*TASK TO COMPLETE*
Set down, exactly and only, everything from the line containing "De koekjesdoos is" down to the line containing "Simboli riportati sul" in the data below; the pictures are not part of the copy.

*RECORDS SUPPLIED*
• • • • •
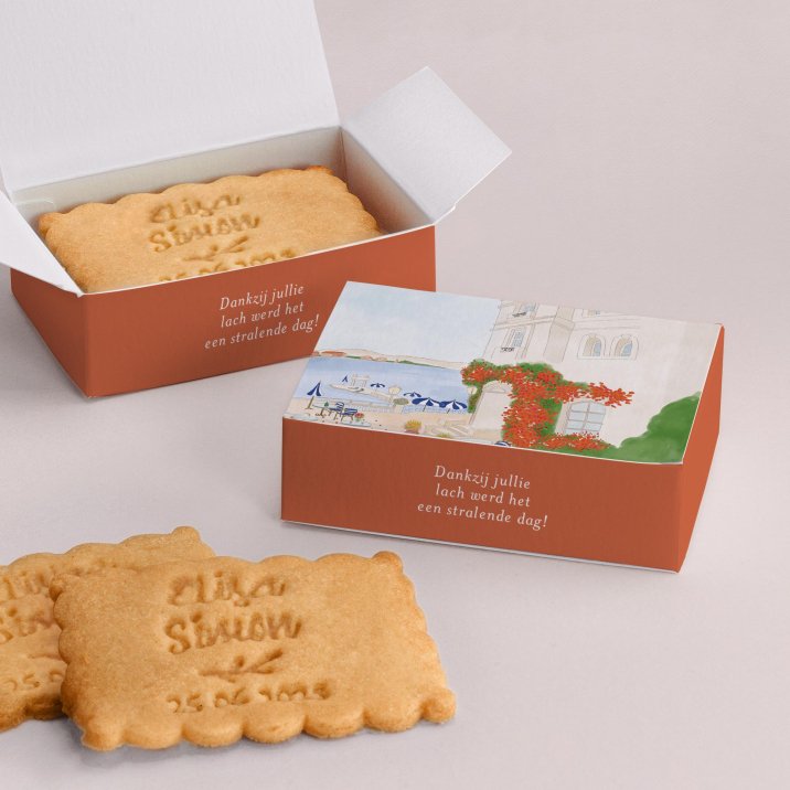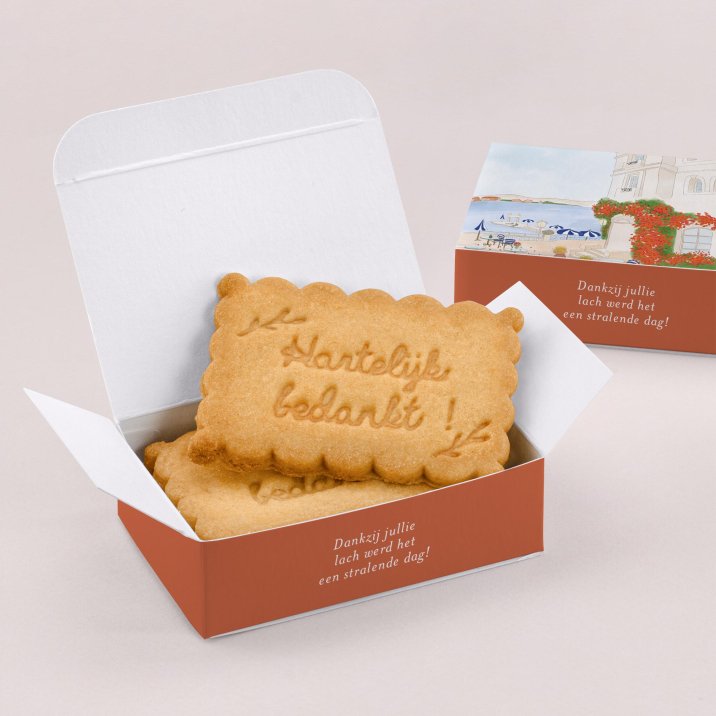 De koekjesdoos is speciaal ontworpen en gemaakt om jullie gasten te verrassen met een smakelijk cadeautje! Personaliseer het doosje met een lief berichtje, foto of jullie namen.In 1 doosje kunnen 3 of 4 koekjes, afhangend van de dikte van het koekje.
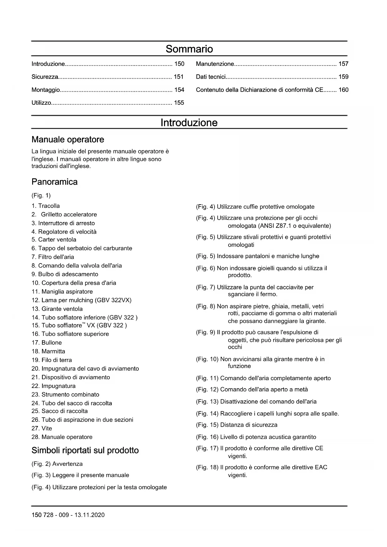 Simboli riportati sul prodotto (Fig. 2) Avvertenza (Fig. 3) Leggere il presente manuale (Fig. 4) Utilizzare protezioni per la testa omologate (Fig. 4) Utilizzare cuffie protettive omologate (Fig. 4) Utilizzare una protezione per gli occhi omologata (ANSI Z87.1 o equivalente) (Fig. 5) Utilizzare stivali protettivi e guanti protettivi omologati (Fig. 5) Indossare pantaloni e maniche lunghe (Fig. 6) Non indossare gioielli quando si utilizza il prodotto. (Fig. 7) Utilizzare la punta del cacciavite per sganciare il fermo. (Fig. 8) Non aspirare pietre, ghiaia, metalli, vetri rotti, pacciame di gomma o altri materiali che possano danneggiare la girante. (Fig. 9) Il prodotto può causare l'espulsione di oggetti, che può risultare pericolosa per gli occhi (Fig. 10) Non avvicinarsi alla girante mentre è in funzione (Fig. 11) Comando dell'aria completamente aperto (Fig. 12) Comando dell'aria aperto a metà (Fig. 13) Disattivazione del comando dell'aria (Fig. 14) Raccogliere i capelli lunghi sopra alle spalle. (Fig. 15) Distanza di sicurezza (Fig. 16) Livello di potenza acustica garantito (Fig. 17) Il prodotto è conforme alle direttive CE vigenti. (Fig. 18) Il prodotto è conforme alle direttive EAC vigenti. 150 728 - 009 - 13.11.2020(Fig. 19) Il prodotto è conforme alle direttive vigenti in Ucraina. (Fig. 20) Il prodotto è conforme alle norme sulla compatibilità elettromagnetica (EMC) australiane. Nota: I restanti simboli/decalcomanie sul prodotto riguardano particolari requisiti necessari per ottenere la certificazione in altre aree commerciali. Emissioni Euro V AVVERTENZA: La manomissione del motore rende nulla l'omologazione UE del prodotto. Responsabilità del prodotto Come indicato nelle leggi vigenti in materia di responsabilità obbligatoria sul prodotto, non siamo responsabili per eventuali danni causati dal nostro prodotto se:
• • • • •
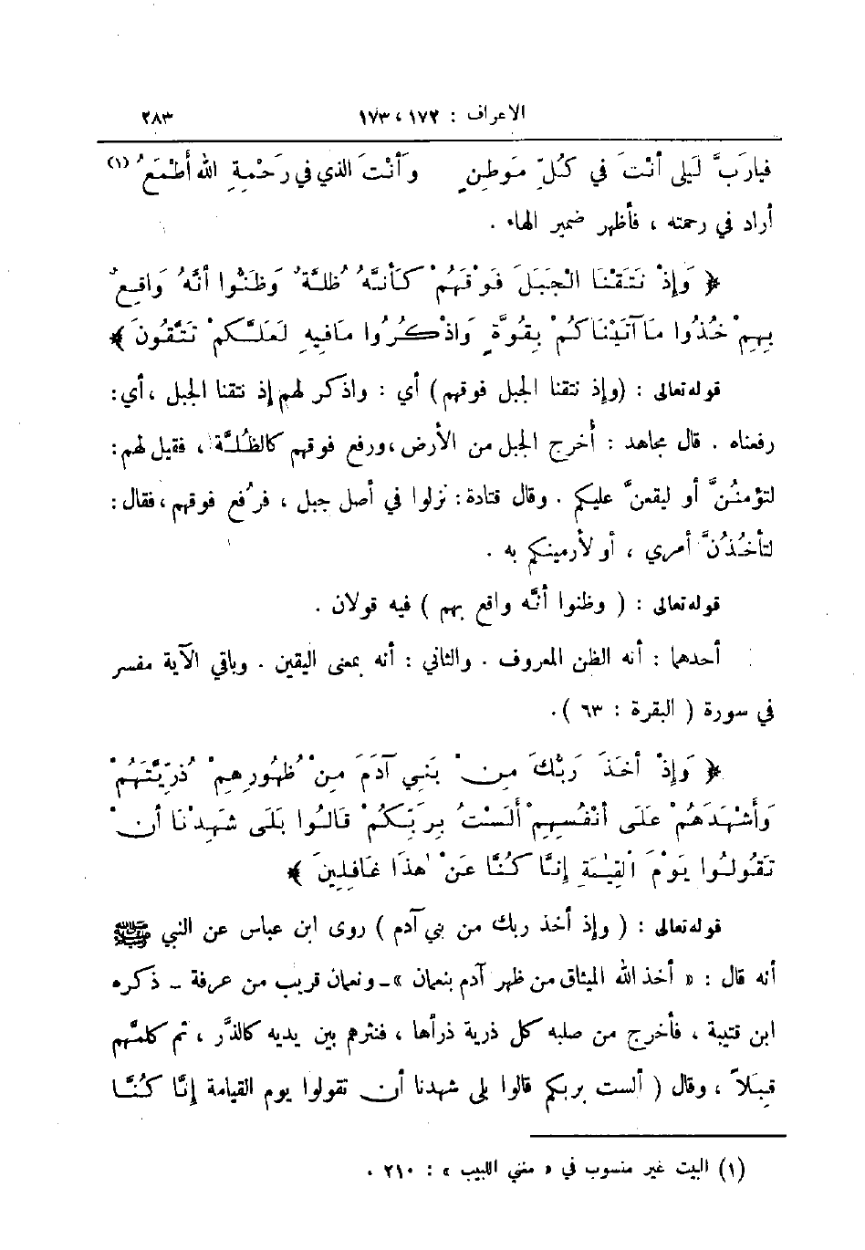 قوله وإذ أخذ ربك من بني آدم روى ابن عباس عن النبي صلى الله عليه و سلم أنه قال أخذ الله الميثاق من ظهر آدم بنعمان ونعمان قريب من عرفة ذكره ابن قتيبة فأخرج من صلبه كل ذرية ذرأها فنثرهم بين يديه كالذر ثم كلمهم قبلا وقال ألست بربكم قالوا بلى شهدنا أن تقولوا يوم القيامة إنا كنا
• • • • •
*RESPONSE TO THE EXERCISE*
 De koekjesdoos is speciaal ontworpen en gemaakt om jullie gasten te verrassen met een smakelijk cadeautje! Personaliseer het doosje met een lief berichtje, foto of jullie namen.In 1 doosje kunnen 3 of 4 koekjes, afhangend van de dikte van het koekje.
 Simboli riportati sul prodotto (Fig. 2) Avvertenza (Fig. 3) Leggere il presente manuale (Fig. 4) Utilizzare protezioni per la testa omologate (Fig. 4) Utilizzare cuffie protettive omologate (Fig. 4) Utilizzare una protezione per gli occhi omologata (ANSI Z87.1 o equivalente) (Fig. 5) Utilizzare stivali protettivi e guanti protettivi omologati (Fig. 5) Indossare pantaloni e maniche lunghe (Fig. 6) Non indossare gioielli quando si utilizza il prodotto. (Fig. 7) Utilizzare la punta del cacciavite per sganciare il fermo. (Fig. 8) Non aspirare pietre, ghiaia, metalli, vetri rotti, pacciame di gomma o altri materiali che possano danneggiare la girante. (Fig. 9) Il prodotto può causare l'espulsione di oggetti, che può risultare pericolosa per gli occhi (Fig. 10) Non avvicinarsi alla girante mentre è in funzione (Fig. 11) Comando dell'aria completamente aperto (Fig. 12) Comando dell'aria aperto a metà (Fig. 13) Disattivazione del comando dell'aria (Fig. 14) Raccogliere i capelli lunghi sopra alle spalle. (Fig. 15) Distanza di sicurezza (Fig. 16) Livello di potenza acustica garantito (Fig. 17) Il prodotto è conforme alle direttive CE vigenti. (Fig. 18) Il prodotto è conforme alle direttive EAC vigenti. 150 728 - 009 - 13.11.2020(Fig. 19) Il prodotto è conforme alle direttive vigenti in Ucraina. (Fig. 20) Il prodotto è conforme alle norme sulla compatibilità elettromagnetica (EMC) australiane. Nota: I restanti simboli/decalcomanie sul prodotto riguardano particolari requisiti necessari per ottenere la certificazione in altre aree commerciali. Emissioni Euro V AVVERTENZA: La manomissione del motore rende nulla l'omologazione UE del prodotto. Responsabilità del prodotto Come indicato nelle leggi vigenti in materia di responsabilità obbligatoria sul prodotto, non siamo responsabili per eventuali danni causati dal nostro prodotto se:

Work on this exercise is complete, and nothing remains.